Friday, August 23, 2013

BDCP Officials Continue to Inaccurately Describe Their Economic Study

In recent testimony to the Delta Stewardship Council, Karla Nemeth misrepresented the economic analysis of BDCP, perpetuating confusion over what this report found.  Ms. Nemeth's statement is typical of the confusing and inaccurate descriptions of this report by various state officials, including Jerry Meral and John Laird.

According to Maven's notebook meeting summary, Ms. Nemeth explains that BDCP will stabilize water exports at a level of at least 4.7 million acre feet (MAF) annually using the high-outflow scenario.  She then describes the results of the economic analysis as follows,
With BDCP stabilizing existing water supplies with a yield of about 4.7 MAF, our most recent economic analysis demonstrates about a $5 billion economic benefit that is mostly the result of reducing the risk of future shortages." 
Given how much the Delta Plan expounds on the subject of risk, I am kind of surprised Phil Isenberg or another member of the Delta Stewardship Council didn't interject right there to ask Ms. Nemeth if her use of the term risk was consistent with the Delta Plan, especially since she said most of the benefits come from risk reduction.  The Stewardship Council's Delta Plan goes to great lengths to define risk as probability times consequences, it even has graphics illustrating the concept.  But the BDCP Economic Analysis doesn't treat a future reduction in water exports without BDCP as a risk with a probability, it treats low probability risks as certainties with 100% probability.  

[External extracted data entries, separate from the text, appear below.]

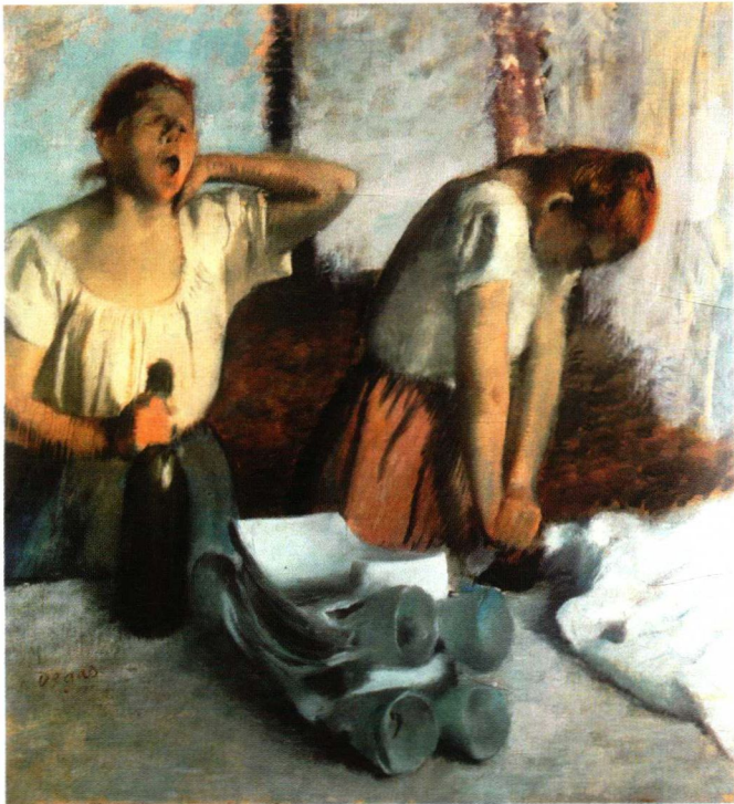
德加《洗衣女工》 色粉笔
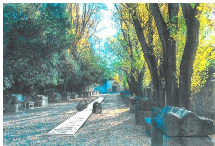
1 2 stainless steel (mirror) 1800cm (18m) x 120cm (1.20m) x 2cm = 2 pieces Natural stone 130 x 130cm = 2 pieces

Au printemps 2022, ouvrira au cœur de l'Hôtel Vernon, hôtel particulier construit entre le XVI ème et le XVIII ème siècle, situé dans les vieux quartiers d'Arles, Lee Ufan Arles espace d'exposition sur 3 étages présentant des œuvres de l'artiste et proposant également une librairie boutique et des espaces de médiation et de réception. Après ses expositions au château de Versailles en 2014 ou au Centre Pompidou Metz en 2019, Lee Ufan écrit une nouvelle page de sa relation passionnée avec la France.
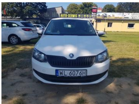
Fot. 1 Przód
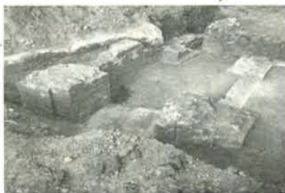
Orange : vue partielle des vestiges de l'amphithéâtre.

- Une occasion exceptionnelle nous était offerte d'étudier en extension l'occupation soudaine d'un espace auparavant libre de construction. La répartition des maisons est rationnelle, selon un plan orthogonormé, obéissant à de strictes règles d'urbanisme. Entre deux rues

In fact, the positive result of the BDCP economic analysis is not "the result of reducing the risk of future shortages."  It is the result of comparing BDCP to an alternative that is extremely bad for the contractors and extremely good for the fish, and then having an analysis that counts the harm to water exporters and ignores the benefits to the fish.  An accurate statement from Ms. Nemeth would state, "With BDCP stabilizing water supplies with a yield of about 4.7 MAF, our most recent economic analysis demonstrates about a $5 billion economic benefit for the water contractors compared to a scenario where tougher environmental regulations reduce average exports to about 3.4 MAF by 2025."

You might think I'm nit-picking, but Ms. Nemeth's misstatement is about a $10 billion error, meaning that the difference in the value of water supply reliability in the scenario used by the Brattle Group and a risk analysis implied by Ms. Nemeth is likely to be in the neighborhood of $10 billion. 

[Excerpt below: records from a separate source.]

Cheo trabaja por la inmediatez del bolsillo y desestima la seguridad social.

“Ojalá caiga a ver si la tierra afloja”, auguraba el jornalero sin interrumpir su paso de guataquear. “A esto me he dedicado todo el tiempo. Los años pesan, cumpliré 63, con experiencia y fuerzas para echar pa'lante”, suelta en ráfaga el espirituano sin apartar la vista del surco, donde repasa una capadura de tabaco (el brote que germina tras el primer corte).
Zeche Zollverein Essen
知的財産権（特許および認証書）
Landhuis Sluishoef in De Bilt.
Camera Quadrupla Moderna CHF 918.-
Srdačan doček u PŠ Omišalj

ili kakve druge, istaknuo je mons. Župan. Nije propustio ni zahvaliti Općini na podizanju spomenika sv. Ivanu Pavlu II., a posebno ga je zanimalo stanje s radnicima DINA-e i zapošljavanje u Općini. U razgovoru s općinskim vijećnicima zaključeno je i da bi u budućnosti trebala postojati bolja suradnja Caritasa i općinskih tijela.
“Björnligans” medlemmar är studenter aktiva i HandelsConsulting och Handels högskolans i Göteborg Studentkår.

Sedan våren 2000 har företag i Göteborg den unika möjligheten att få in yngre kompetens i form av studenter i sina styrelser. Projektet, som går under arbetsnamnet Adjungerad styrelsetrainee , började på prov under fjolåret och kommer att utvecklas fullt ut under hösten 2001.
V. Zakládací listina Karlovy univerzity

What is the probability that by 2025, exports would be reduced below 3.5 MAF due to regulations?  While this scenario is the water contractors' worst nightmare, the probability of this occurring is very very low.  Thus, the value the Brattle Group has assigned to avoiding this outcome should be multiplied by a very low probability, which is the approach they took to valuing the reduction in earthquake risk where they multiplied the loss from a year-long earthquake outage by an assumed 2% annual probability of it occurring.

A journalist recently sent me a link that shows implementation of the State Water Board's draft flow criteria would reduce water exports to 3.7 MAF to 3.9 MAF (see Appendix B here), and most observers believe the chance that those criteria are implemented is extremely low.  Thus, it seems to me that 3.7 MAF is a reasonable lower bound for future water exports without the BDCP, and this lower bound is even higher than the 3.4 MAF the BDCP used as the basis for comparison in their Economic Analysis.  No wonder Dr. Sunding and BDCP are getting so much flak for making this ridiculous assumption.

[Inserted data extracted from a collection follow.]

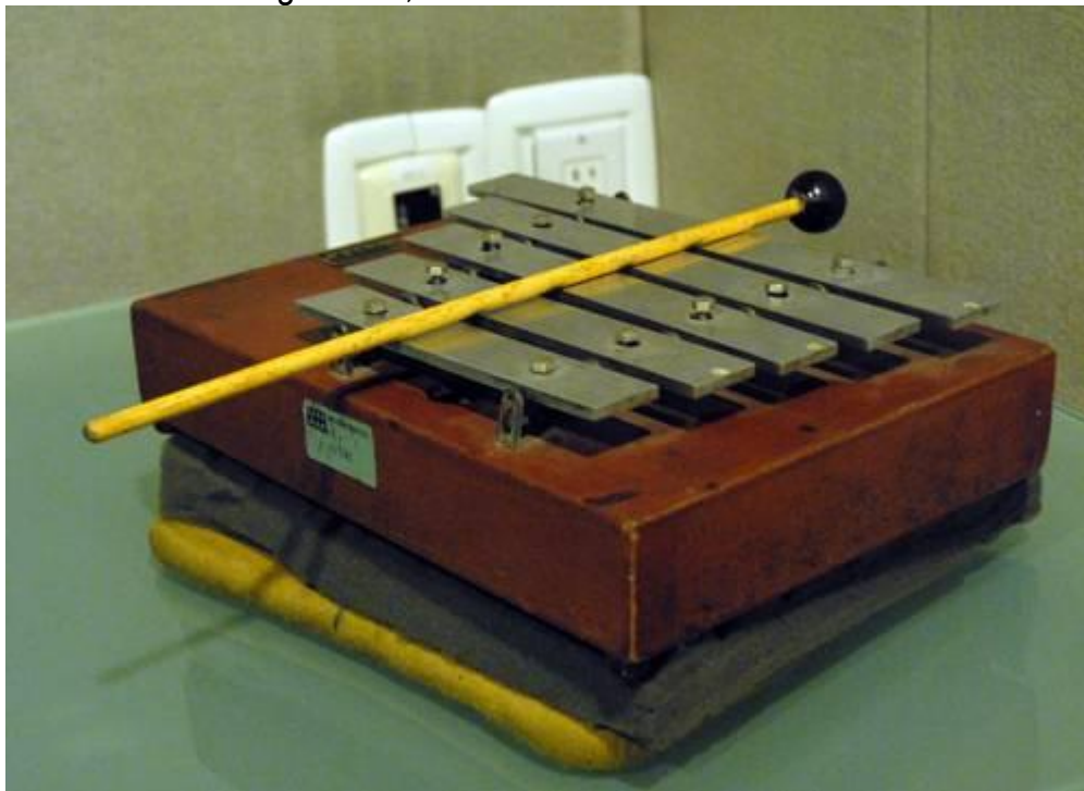
Xilófono para el sonido emblemático de los cortes de identificación de Radio UNAM.
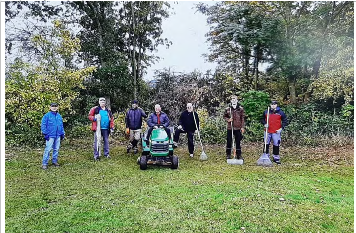
Sträucherschnitt auf dem Gelände am 17.10.2020
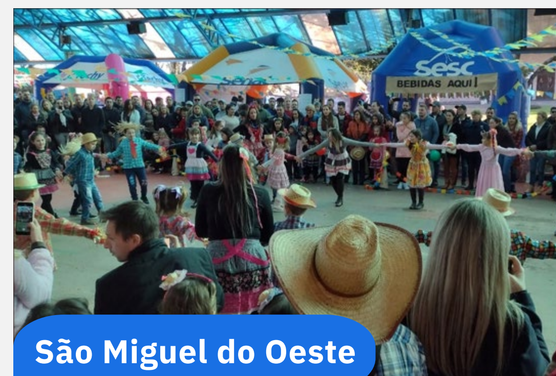
São Miguel do Oeste
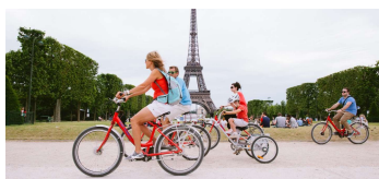
Paríž zistil, že podporou bicyklov znížil počet automobilov v meste, str.7
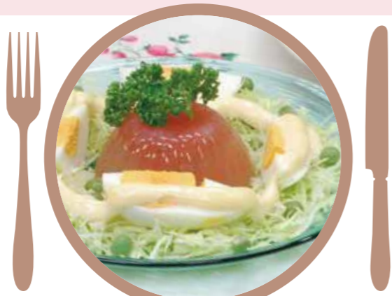
『誰にも簡単に出来る 家庭西洋料理全集』 婦人倶楽部 昭和 8 年 9 月号附録

トマトを擂（す）り潰して寒天で固めたもの。ピールのお肴（さかな）にも結構ですが、お子様のお八つには殊（こと）によいものです。見たところ涼しさうなものです。
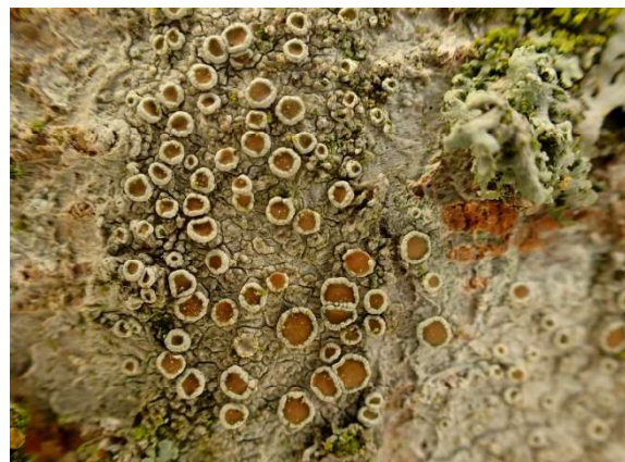
Witte schotelkorst Lecanora chlorotera

Wanneer er geen rijp op de apotheciën aanwezig is dan heb je te maken met de andere soort die veel op jonge boompjes voorkomt, de Witte schotelkorst Lecanora chlorotera . Een onderscheid dat lastig lijkt maar wanneer je beide soorten een paar maal gezien hebt tijdens een excursie en de verschillen uitgelegd hebt gekregen is het eigenlijk heel eenvoudig!
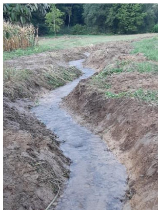
Le reméandrage du lit

Quelques exemples de solutions techniques en photo :
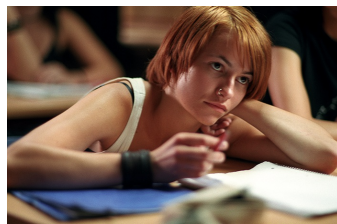
Meer is nich
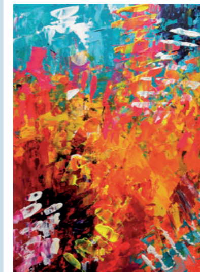
Kevin S. 30 Jahre

Ich möchte mir lange eine gute Lebensqualität erhalten.
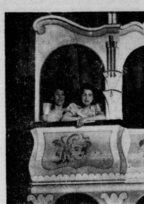
Ein hübscher Einfall als Auftakt: Die Künstler haben den Spieß umgedreht und beobachten von ihrer Loge aus das Publikum
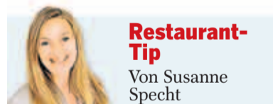
Restaurant-Tip Von Susanne Specht
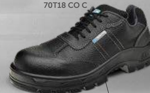
50T18 CO C 70T18 CO C
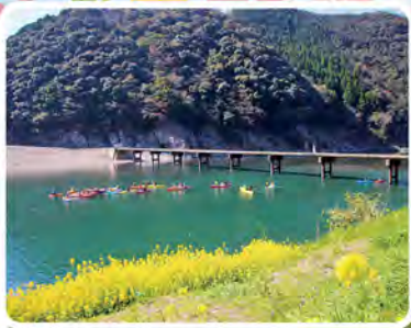
▲岩間沈下橋をくぐるカヌーツーリング

〒787-1323 高知県四万十市西土佐中半408-1 tel.0880-54-1230 fax.0880-31-9788 http://gakusya.info/jp/
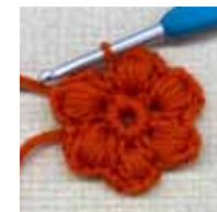
「変わり中長編み 5 目の玉編み」の編み方
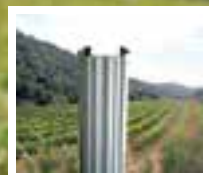
Pals per a emparat

TDF és un producte amb patent a la UE que serveix per tibar i destensar gradualment els filferros, com el doble filferro mòbil de l'emparat de les vinyes
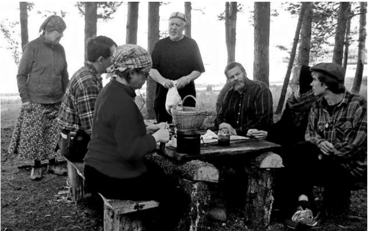
Mustikoita riitti niin saaren lehmillä ja kanoille kuin luostarin tarpeisiin. Kokonaissaalis oli 530 litraa.
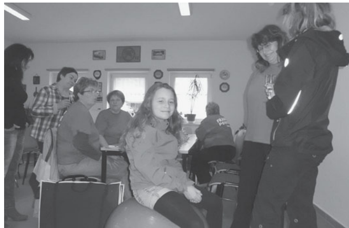
Gymnastik-Pop-Verein Zehren e. V.
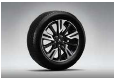
חישוקי סגסוגת 18" בכל הדגמים
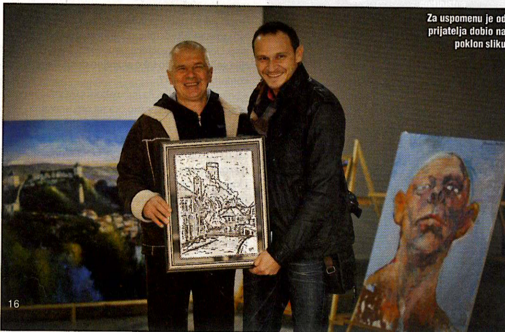
Za uspomenu je od prijatelja dobio na poklon sliku

JESMO LI ZNALI? "Tešanj ima najstarije pozorište u BiH, a država ne brine o takvim stvarima; imao je prvu banku u BiH; ovdje se odigrao prvi teniski meč u BiH; ima građevine koje su počeli graditi Rimljani, a završili Turci..."
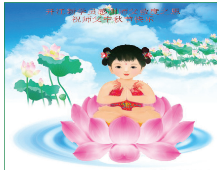
Các học viên mới, một cặp vợ chồng, từ Hầu Mã, thành phố Lâm Phân ở tỉnh Sơn Tây, kính chúc Sư phụ Tết Trung thu vui vẻ!

If 3.7 MAF is a resonable lower bound on future operations, what is a reasonable upper bound?  Given the barrage of legislation and lawsuits against the current biological opinions and the ESA itself, it seems to me that a reasonable upper bound on future operation would be a return to 2000 - 2005 conditions where water exports exceeded 6 MAF per year.  At the outset of BDCP, many water contractors said their goal was to restore exports to 6.5 MAF.  Thus, I would say a probable range of future outcomes is 3.7 MAF to 6.5 MAF, and the current biological opinions are in the center of that range.

That doesn't mean that the BDCP doesn't have some regulatory risk reduction value to the water contractors.  But a proper valuation of that risk would put likely put its value in the millions, not billions of dollars.  It would be similar to the valuation of seismic risk reduction of the tunnels which the BDCP economic analysis values at around $400 million.

Speaking of economic risks, there also other important components of economic risk that the BDCP ignores, especially on the cost side.  What is the risk that the tunnels take more than 10 years to build as assumed in the analysis?  What is the risk that BDCP costs more than currently estimated?  The BDCP warns that their regulatory assurances aren't guarantees, so what is the regulatory risk that remains even with BDCP?

I remain very confident that BDCP results in a net economic loss for the water agencies' ratepayers of around $7 billion compared to the status quo.